More preferably, in case that the Ab is an antibody targeting EGFR or an antigen-binding fragment thereof, it comprises a heavy chain (HC) and a light chain (LC), wherein the amino acid sequence of HC is represented by SEQ ID NO:29, the amino acid sequence of LC is represented by SEQ ID NO:30.

More preferably, in case that the Ab is an antibody targeting EGFR or an antigen-binding fragment thereof, it comprises a heavy chain (HC) and a light chain (LC), wherein the amino acid sequence of HC is represented by SEQ ID NO:34 or SEQ ID NO:37 or SEQ ID NO:40, the amino acid sequence of LC is represented by SEQ ID NO:30.

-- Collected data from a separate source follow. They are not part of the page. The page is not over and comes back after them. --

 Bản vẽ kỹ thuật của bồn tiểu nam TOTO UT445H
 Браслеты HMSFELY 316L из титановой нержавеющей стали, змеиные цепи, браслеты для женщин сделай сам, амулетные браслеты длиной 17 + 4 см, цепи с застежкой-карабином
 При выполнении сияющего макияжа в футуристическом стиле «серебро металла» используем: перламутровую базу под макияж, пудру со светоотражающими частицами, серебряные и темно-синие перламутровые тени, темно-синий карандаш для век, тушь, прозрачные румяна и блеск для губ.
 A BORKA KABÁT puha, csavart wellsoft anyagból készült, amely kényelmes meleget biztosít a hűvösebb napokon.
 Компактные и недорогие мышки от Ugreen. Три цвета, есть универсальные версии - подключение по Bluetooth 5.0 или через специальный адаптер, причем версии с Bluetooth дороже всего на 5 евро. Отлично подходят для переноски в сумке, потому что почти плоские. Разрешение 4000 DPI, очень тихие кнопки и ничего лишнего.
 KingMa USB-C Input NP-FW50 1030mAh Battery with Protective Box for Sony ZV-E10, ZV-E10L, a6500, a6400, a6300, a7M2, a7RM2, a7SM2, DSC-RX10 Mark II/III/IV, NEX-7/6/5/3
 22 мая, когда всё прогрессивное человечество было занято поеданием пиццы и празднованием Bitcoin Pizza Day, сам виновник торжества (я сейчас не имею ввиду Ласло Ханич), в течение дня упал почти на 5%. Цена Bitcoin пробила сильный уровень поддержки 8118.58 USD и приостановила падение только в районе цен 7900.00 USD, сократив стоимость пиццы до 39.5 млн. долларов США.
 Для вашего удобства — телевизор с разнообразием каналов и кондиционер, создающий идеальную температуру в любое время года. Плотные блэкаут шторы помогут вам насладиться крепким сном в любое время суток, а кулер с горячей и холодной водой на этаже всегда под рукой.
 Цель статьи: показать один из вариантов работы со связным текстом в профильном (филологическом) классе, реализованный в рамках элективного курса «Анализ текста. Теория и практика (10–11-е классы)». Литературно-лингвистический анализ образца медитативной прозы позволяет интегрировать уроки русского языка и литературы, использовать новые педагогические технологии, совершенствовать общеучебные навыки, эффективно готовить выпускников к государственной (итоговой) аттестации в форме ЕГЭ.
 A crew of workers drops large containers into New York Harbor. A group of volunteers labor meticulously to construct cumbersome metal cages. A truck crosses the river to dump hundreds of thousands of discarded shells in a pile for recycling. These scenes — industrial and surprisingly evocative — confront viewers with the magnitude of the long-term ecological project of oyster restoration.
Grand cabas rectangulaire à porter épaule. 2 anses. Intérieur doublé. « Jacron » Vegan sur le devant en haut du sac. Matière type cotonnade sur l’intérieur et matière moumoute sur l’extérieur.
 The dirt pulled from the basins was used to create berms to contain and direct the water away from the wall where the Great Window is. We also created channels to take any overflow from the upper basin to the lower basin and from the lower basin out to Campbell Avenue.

In case that Ab is an antibody targeting HER2, HER3 or EGFR, the antibody is preferably a monoclonal antibody, and the monoclonal antibody is preferably selected from human-source antibody, humanized antibody, and chimeric antibody.

In case that Ab is an antigen-binding fragment targeting HER2, HER3 or EGFR, the antigen-binding fragment is preferably selected from Fab′, (Fab′), Fab, Fv, scFv, dAb.

In the present invention, the numbering rule of the antibody amino acid sequence adopts the Kabat numbering rule. The present invention also provides any of the above non-conjugated antibodies (Ab) or antigen-binding fragments thereof.